From the study's limitations, however, comes great insight into the role of the hospitalist in surgical comanagement. It is clear from the aforementioned studies that there is a role for the hospitalist in comanagement of surgical patients. While the evidence is conflicting, there are scenarios in which comanagement improves efficiency and quality of care. Yet it is also possible that hospitalist comanagement is not ideal for all surgical patients. The HOT trial did not show benefits in length‐of‐stay reduction or patient mortality because the patients were homogenous in their complexity and pre‐ and postoperative care was protocol driven. Length of stay was limited by accessibility of rehabilitation facilities after discharge and not the efficiency of medical care in the hospital. The study in this issue of the Journal of Hospital Medicine selectively included patients with the highest complexity of medical disease, and there was a reduction in length of stay. Both trials suggest that the greatest potential benefit for augmenting efficiency and outcomes with hospitalist comanagement may be predicated on the complexity of the patients involved and the surgical system through which they will receive care.

The next step in assessing hospitalist comanagement should not be a hunt‐and‐peck exercise to stumble on the surgical procedures that show benefit from comanagement.

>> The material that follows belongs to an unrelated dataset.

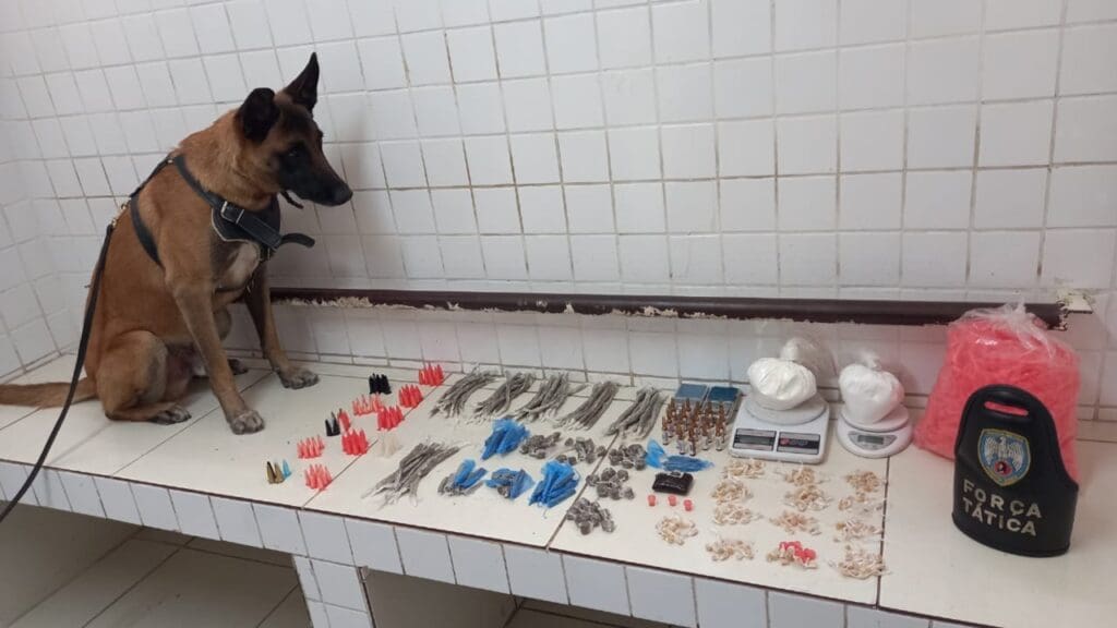 Diante o fato, os policiais entraram na mata e no local foi possível visualizar vários materiais para o embalo de entorpecentes. Em seguida, drogas foram localizadas. Por ser um local de mata extensa, foi solicitado apoio da equipe K9 do 6º Batalhão. Com a ajuda do cão Apollo mais substâncias foram encontradas.

Rather, the prudent next step is to follow the lead of Simon et al. and others3, 4 in trying to identify those surgical patients who represent the greatest medical complexity or have the most variability in their preoperative and postoperative medical care. These are the patients for whom the hospitalist can effect the greatest benefit and the services for which the hospitalist can best augment efficiency. High‐risk procedures, patients with multiple comorbitities or elevated preoperative risks, and surgical procedures without defined pre‐ and postoperative protocols would appear to be the ideal candidates for hospitalist comanagement.

As the discussion of hospital comanagement progresses, it is important to recognize comanagement as a paradigm shift. Surgical comanagement is not merely medical consultation. To be successful, the role of the hospitalist in comanaging surgical patients must be clearly defined as advancing postoperative care as much as it is in assessing preoperative risk. As a comanager, a hospitalist must actively manage preexisting and newly developed medical issues rather than just make recommendations for the surgical team.

The hospitalist must also be more than a discharge coordinator postoperatively; investing in hospitalists merely for discharge planning is a poor use of resources both from a financial and an opportunity‐cost perspective. The paradigm of comanagement is not foreign, however, and hospitalists are likely to prosper by learning from the experience of our nephrology and hepatology colleagues, who have successfully found collaborative roles in improving patient care on renal and liver transplant services. The success of these services is due to the precisely defined roles for the internist and the surgeon and because the complexity of the patient being managed warrants continuity of expert consultation.

There is great potential for the hospitalist in surgical comanagement. In less than a decade, the focus of hospital‐based medical care has shifted from staffing a shift to improving the quality of the system through which patients traverse the hospital. The lessons hospitalists have learned in quality improvement and in augmenting systems of care are perfectly suited for application to surgical services. Hospitalist comanagement is right not only because it may offer improvement in a surgical patient's medical care, but also for the augmentation of quality improvement in surgical services that have yet to reap the benefits that have defined the excellence of hospitalist medicine. The next step is to embark on the road of prudent prospective research: identifying the patients, and the procedures, that have the greatest opportunity for improvement by hospitalist comanagement. And at the end of that road will be a new home for the hospitalist, assuming the role of the quality‐advocate for all aspects of hospital care: pediatric, medical, and surgical patients.